3rd Sunday in Ordinary Time
Sts. Timothy and Titus

1st Reading: Is 8:23 – 9:3:
Yet, where there was but anguish, darkness will disappear. He has just afflicted the land of Zebulun and the land of Naphtali; but in the future he will confer glory on the way of the sea, on the land beyond the Jordan— the pagans’ Galilee. The people who walked in darkness have seen a great light. A light has dawned on those who live in the land of the shadow of death.

You have enlarged the nation; you have increased their joy. They rejoice before you, as people rejoice at harvest time as they rejoice in dividing the spoil. For the yoke of their burden, the bar across their shoulders, the rod of their oppressors, you have broken it as on the day of Midian.

2nd Reading: 1 Cor 1:10–13, 17:
I beg of you, brothers, in the name of Christ Jesus, our Lord, to agree among yourselves, and do away with divisions; please be perfectly united, with one mind and one judgment. For I heard from people, of Cloe’s house, about your rivalries. What I mean is this: some say, “I am for Paul,” and others: “I am for Apollos,” or “I am for Peter,” or “I am for Christ.”

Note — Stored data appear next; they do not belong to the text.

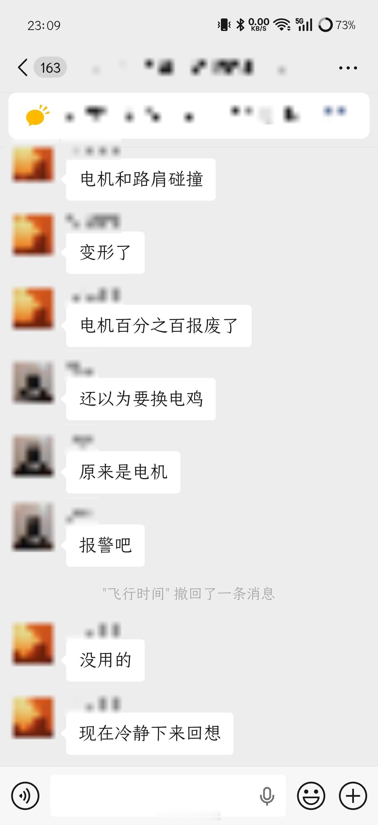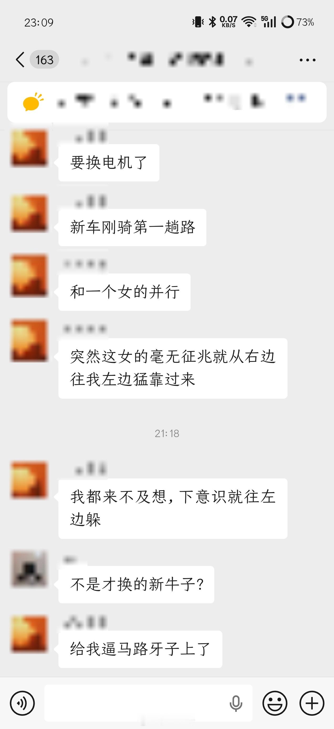 群友新电动车刚上路,结果遭遇不讲武德的蒙脸女骑手,从右边闪移贴近,群友本能闪躲,结果电机磕到马路牙子上,报废了。那个女骑手,连句sorry都没,一溜烟跑了……我看了下售后报价单,一个电机就得1450元了,你们说倒霉不倒霉PS:他今天没开车,想骑新买的电动车尝尝鲜,结果就遭遇了恐怖一幕,估计以后看到女司机都要PTSD了
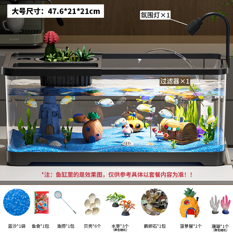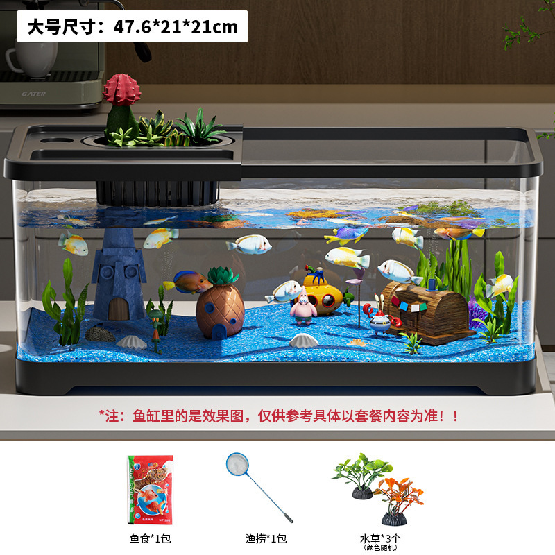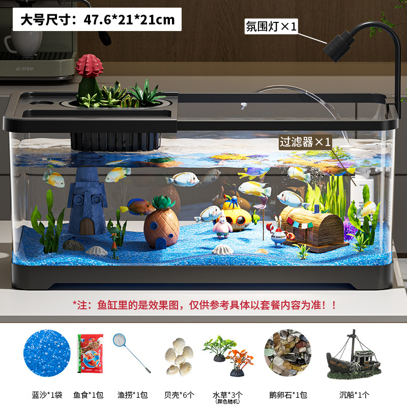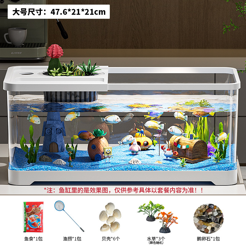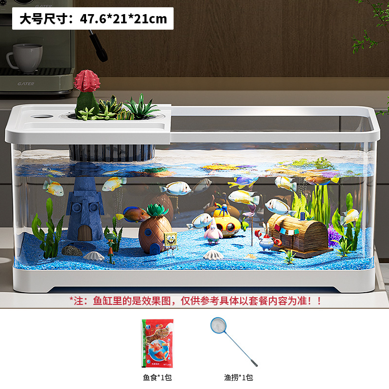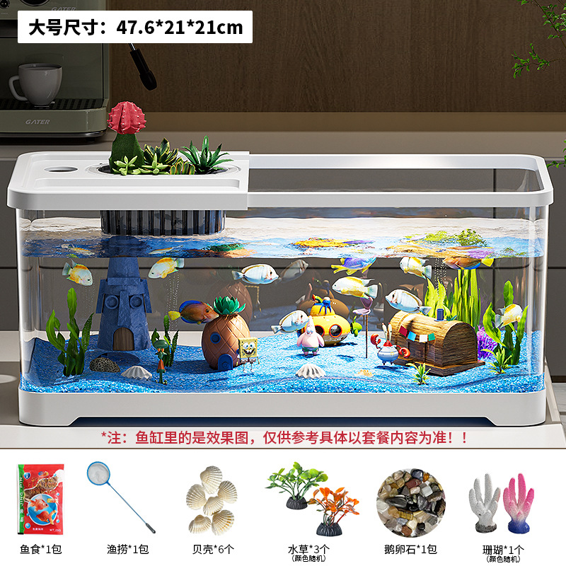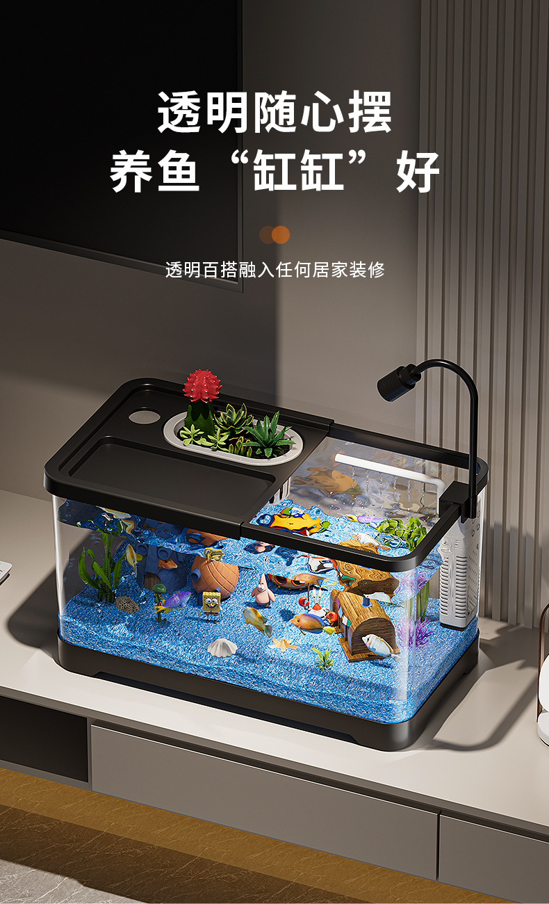 가정용 생태 투명 어항, 데스크탑 사각형 붕어 어항, 사무실 거실 조경용 계류 어항, 거북이 사육 어항
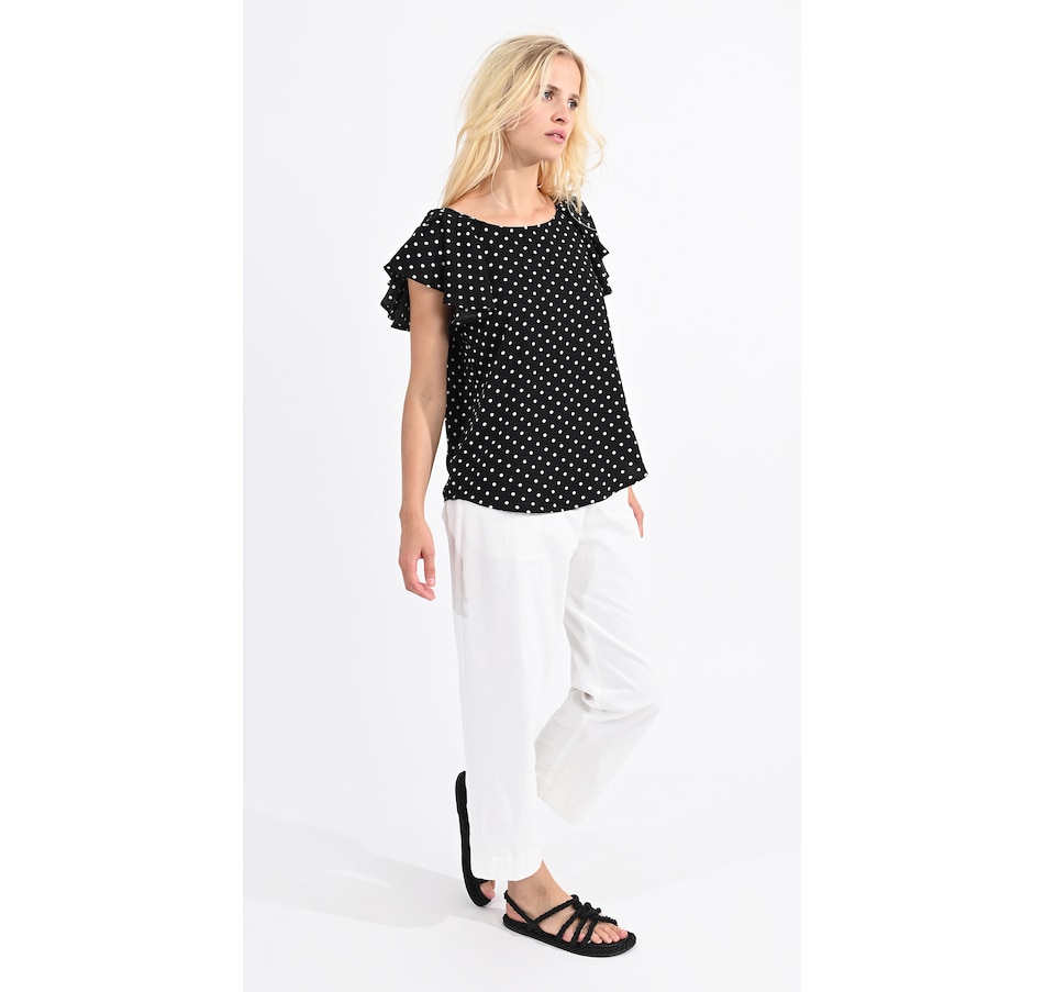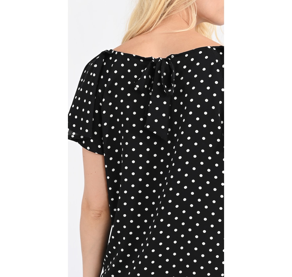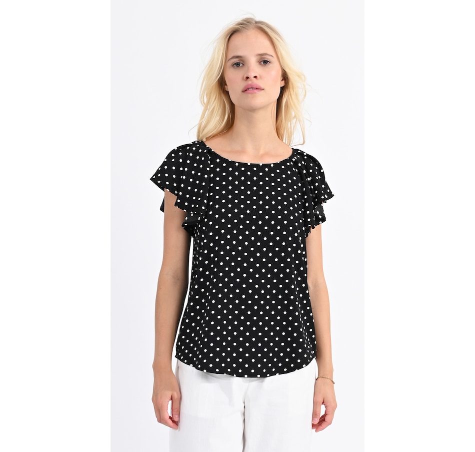 Classic and versatile, you'll centre your look in style with this polka dot flounce sleeve blouse from Molly Bracken.

Is Christ divided, or have I, Paul, been crucified for you? Have you been baptized in the name of Paul? For Christ did not send me to baptize, but to proclaim his gospel. And not with beautiful words! That would be like getting rid of the cross of Christ.

Gospel: Mt 4:12 – 23:
When Jesus heard that John had been arrested, he withdrew into Galilee. He left Nazareth and went to live in Capernaum, a town by the lake of Galilee, at the border of Zebulun and Naphtali. In this way, the word of the prophet Isaiah was fulfilled: Land of Zebulun and land of Naphtali, crossed by the Road of the Sea; and you, who live beyond the Jordan, Galilee, land of pagans: The people who lived in darkness have seen a great light; on those who live in the land of the shadow of death, a light has shone. From that time on, Jesus began to proclaim his message, “Change your ways: the kingdom of heaven is near.”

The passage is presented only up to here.